After years of relative neglect of the Latin American region by successive US administrations for various reasons, it is likely that the region will receive greater attention from the elected US President Donald Trump, due to his campaign’s focus on a range of issues including irregular migration, drugs, trade, and China’s growing economic power—issues that will frequently lead Trump and his allies to look towards the countries south of the United States, with significant and crucial consequences for these nations. However, the potential impacts of Trump’s policies on Latin America depend on several factors, such as economic reliance, geographical proximity, and flows of migration and drugs.

Previous Policies

During Trump’s first term, US foreign policy towards Latin America was characterized by several notable features:

Strong Cooperation with Mexico to Combat Irregular Migration: Trump began his 2015 campaign by accusing Mexico of sending rapists to the United States and promised to force the country to pay for the construction of a new border wall. While some anticipated that the billionaire would adopt a confrontational, even aggressive, policy toward the entire region, the reality proved to be mixed; tensions did arise with Mexico, especially when Trump used threats of tariffs to secure Mexican cooperation on immigration and drug prohibition, but bilateral relations never reached a breaking point. Despite the clear ideological differences between Trump and then-leftist Mexican President Andrés Manuel López Obrador, the leaders managed to establish a largely respectful and transactional relationship. Essentially, as long as López Obrador cooperated on key issues with Trump, he ordered Mexican forces to prevent migrants from heading north before reaching the US border. In return, Trump allowed López Obrador to pursue his domestic agenda largely without interference. To many’s surprise, López Obrador publicly expressed nostalgia for President Trump after Biden’s election, criticizing the Biden administration for what he viewed as a deterioration of Mexican democracy and institutions.

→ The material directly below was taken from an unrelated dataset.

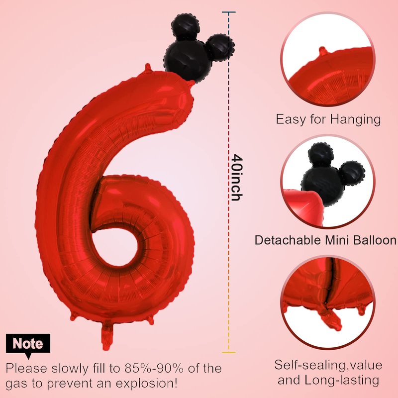 - Package includes: 1pcs 40inch red number balloon; 1pcs mini mouse head balloon, 1pcs straw, 1 sheet glue dots,used to connect two balloons.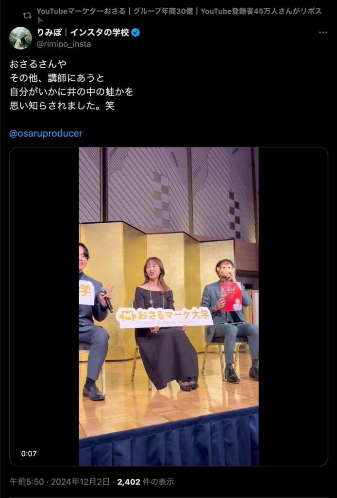 - おさるとのインスタLIVEで認知度・影響力を拡大

Friendly Relations with Right-Wing Presidents in Latin America: During his first term, Trump established friendly relations with several Latin American leaders who shared his right-wing ideological tendencies, including Iván Duque in Colombia, Mauricio Macri in Argentina, and Jair Bolsonaro in Brazil. Together, they led a “maximum pressure” policy towards Venezuela, imposing new sanctions, recognizing an alternative government, and even publicly flirting with the idea of a US military intervention, though this was not seen as a real possibility within his administration. These policies failed to displace Venezuelan President Nicolás Maduro and worsened the suffering of the Venezuelan people, contributing to a larger wave of migration in subsequent years.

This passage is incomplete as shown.